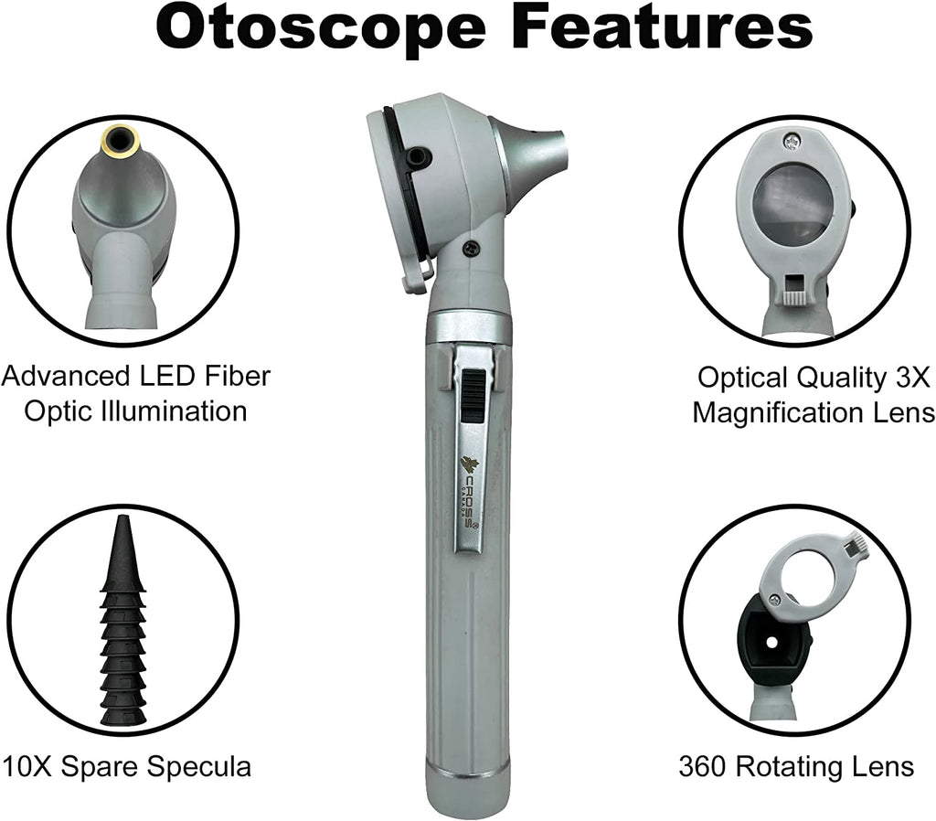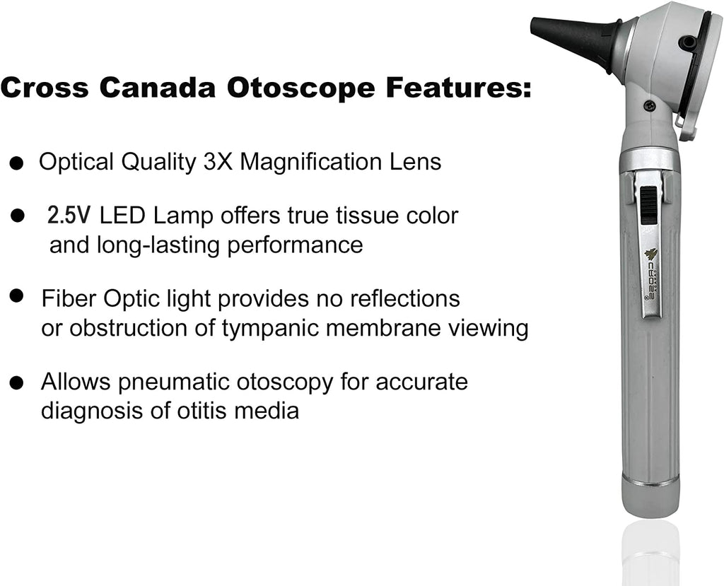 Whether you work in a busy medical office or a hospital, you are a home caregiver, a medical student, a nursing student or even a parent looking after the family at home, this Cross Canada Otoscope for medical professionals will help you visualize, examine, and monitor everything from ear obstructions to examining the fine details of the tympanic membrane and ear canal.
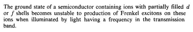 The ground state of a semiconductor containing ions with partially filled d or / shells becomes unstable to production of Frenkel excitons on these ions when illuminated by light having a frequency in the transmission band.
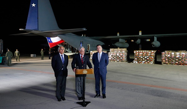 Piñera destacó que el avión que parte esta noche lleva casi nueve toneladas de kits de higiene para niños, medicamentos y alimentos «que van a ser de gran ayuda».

...

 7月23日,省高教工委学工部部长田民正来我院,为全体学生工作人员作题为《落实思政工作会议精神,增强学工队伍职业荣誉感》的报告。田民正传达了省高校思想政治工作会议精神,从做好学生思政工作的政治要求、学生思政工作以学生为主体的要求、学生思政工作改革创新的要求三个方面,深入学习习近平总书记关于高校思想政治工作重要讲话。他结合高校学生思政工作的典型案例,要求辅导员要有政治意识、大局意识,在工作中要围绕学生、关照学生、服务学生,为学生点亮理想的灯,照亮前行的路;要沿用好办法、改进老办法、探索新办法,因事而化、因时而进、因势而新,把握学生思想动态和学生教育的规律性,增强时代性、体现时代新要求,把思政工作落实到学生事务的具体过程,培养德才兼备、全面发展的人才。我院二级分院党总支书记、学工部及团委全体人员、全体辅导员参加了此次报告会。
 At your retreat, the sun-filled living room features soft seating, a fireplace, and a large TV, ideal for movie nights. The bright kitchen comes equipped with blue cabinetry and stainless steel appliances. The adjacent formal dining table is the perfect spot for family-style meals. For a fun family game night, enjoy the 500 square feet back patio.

--

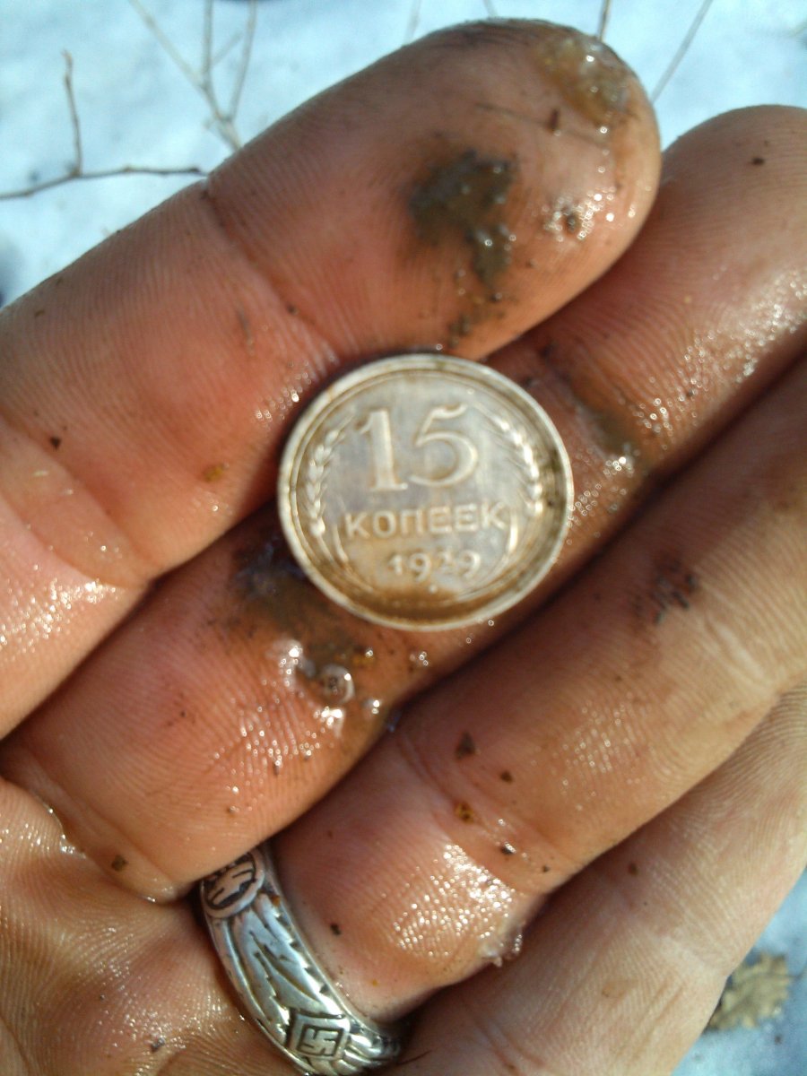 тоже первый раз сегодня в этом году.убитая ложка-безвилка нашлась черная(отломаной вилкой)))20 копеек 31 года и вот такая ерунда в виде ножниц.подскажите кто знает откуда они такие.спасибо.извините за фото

# Assignment
From the records above, return exactly the lines running from the one that contains "Whether you work" down to the one that contains "Piñera destacó que", both included, without any pictures.

# Task solution
 Whether you work in a busy medical office or a hospital, you are a home caregiver, a medical student, a nursing student or even a parent looking after the family at home, this Cross Canada Otoscope for medical professionals will help you visualize, examine, and monitor everything from ear obstructions to examining the fine details of the tympanic membrane and ear canal.
 The ground state of a semiconductor containing ions with partially filled d or / shells becomes unstable to production of Frenkel excitons on these ions when illuminated by light having a frequency in the transmission band.
 Piñera destacó que el avión que parte esta noche lleva casi nueve toneladas de kits de higiene para niños, medicamentos y alimentos «que van a ser de gran ayuda».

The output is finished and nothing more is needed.